Lidar can create a great 3d representation of an environment, but then you're back to the same problem as cameras. You need some sort of AI to identify objects in the data. So the question is how much of an advantage does lidar give you in object identification? It's hard enough to identify objects with confidence in 2d images. Where is the confidence level at for identifying and/or discerning 3d objects with AI?



Sure, lidar gives you way less resolution. Take the velodyn alpha puck for instance, 300k points/sec. If you are moving at 60 mph once second = 88 fps. So the puck spreads 300k points over 88 feet of highway.

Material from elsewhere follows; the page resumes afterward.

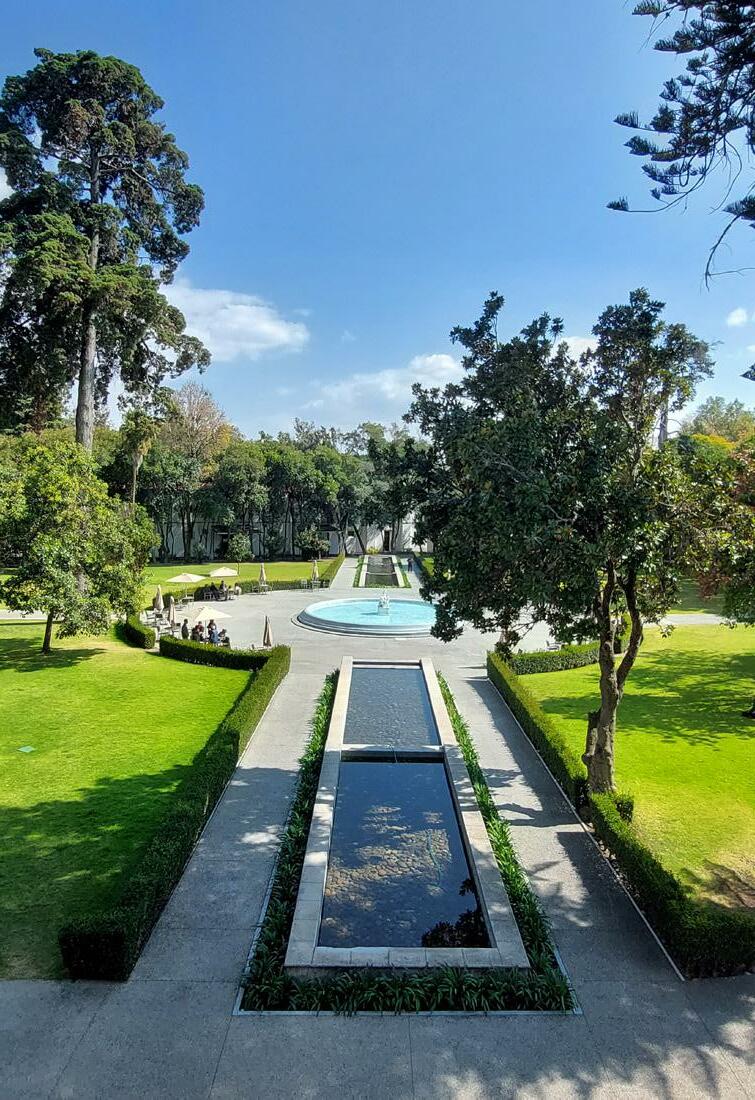 En el jardín del casco principal de la Hacienda, que es en la entrada principal, se encuentra la “Fuente de las Tres Teresas” hecha en cerámica de talavera.
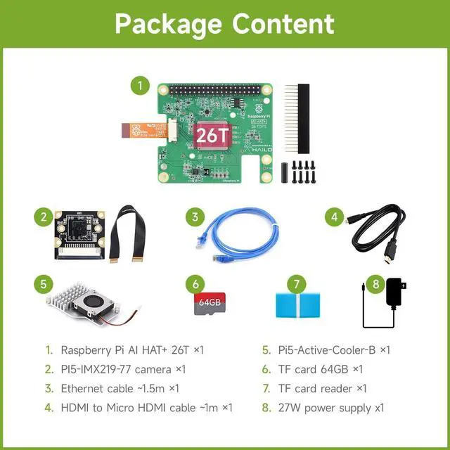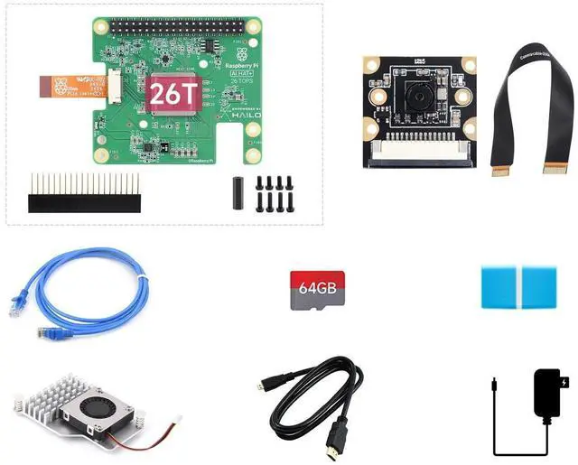 There are several options for this item, this option is PI5 AI Acce D (US), including Raspberry Pi AI HAT+ 26T, PI5-IMX219-77 camera, 64GB TF Card, Cooler, Cable and so on (8 Items). For more details, please click the image2 to check the package content. ^^ Raspberry Pi 5 is the latest generation flagship product in the Raspberry Pi series, following the success of the Raspberry Pi 4. It provides a 2-3x increase in CPU performance over the previous generation. Onboard dual CSI/DSI ports and USB connectors which are provided by the Raspberry Pi RP1 I/O controller.

The tesla system has 10 cameras, but I believe only two of them look forward. I believe they are 1280x960 @ 30 FPS or 36M pixels/sec. But there's two of them, 73M pixels/sec. Each pixel is in color (lidar is just a distance).

So the tesla system has WAY more information about the environment, granted distance has to be inferred, but it also had radar to help with that.

Additionally being inherently more similar to eye sight, a car using cameras is likely to get along with human drivers better. Slowing down when it's foggy or rainy, seeing at similar ranges to humans, and being able to use color for additional context. Is that a UPS truck or an ambulance? Is that a reflection of a police car with it's light on or just a window reflection? Is that a boulder or a wind filled trash bag?


> So the tesla system has WAY more information about the environment, granted distance has to be inferred, but it also had radar to help with that.

I'd argue the contrary. Intelligence is primarily not about the amount of data, but the amount _and_ quality of data you receive. If I would have a magic sensor giving me obstacles in a segmented form, that would be couple of KB, and it would beat any other sensor on the market.

Inferring the distance from stereo images has its own failure-modes and are not easy to account for as in LiDAR. LiDAR also gives you reflectivity, so you will be able to differentiate between a UPS truck and an ambulance.

> Is that a reflection of a police car with its light on or just a window reflection?

Fun thing, to my knowledge reflections are a major unsolved problem for vision. It is easier for LiDAR, as you can rely on the distance measurement and will have an object somewhere outside of any reasonable position (e.g underground, behind a wall). Depending on the lidar, the glass might even register as a second (actually primary) return.

Yes, you need cameras (likely color) to be able recognise any light based signalling (traffic lights, ambulance/police lights...), so LiDAR is not the panacea. But having the lidar telling you that there is a window and that police is behind it is likely vastly more robust with lidar.

Also, the difficulty is that you have to see arbitrary objects, on the road and possibly stop for them. As long it is larger than maybe a couple of centimeters (or an inch), it will show on the LiDAR, with stereo vision, you need a couple of pixel texture to infer it.


I've worked with lidar data a fair bit in a VR environment. It can be quite hard to tell what's going on in any kind of complex environment. The date is so sparse and the datasets I was working on were static.

300,000 per second... if you are trying to figure out what's going on in 1/20th of a second that's only 15,000 points. Assuming your scanning 3 lanes (3.7M each) out to 100 meters, say 3 meters high that 3330 cubic meters. So lidar gives you 2 points per cubic meter. Not exactly going to be easy to tell a bicycle from a motorcycle, or an ambulance from a ups truck.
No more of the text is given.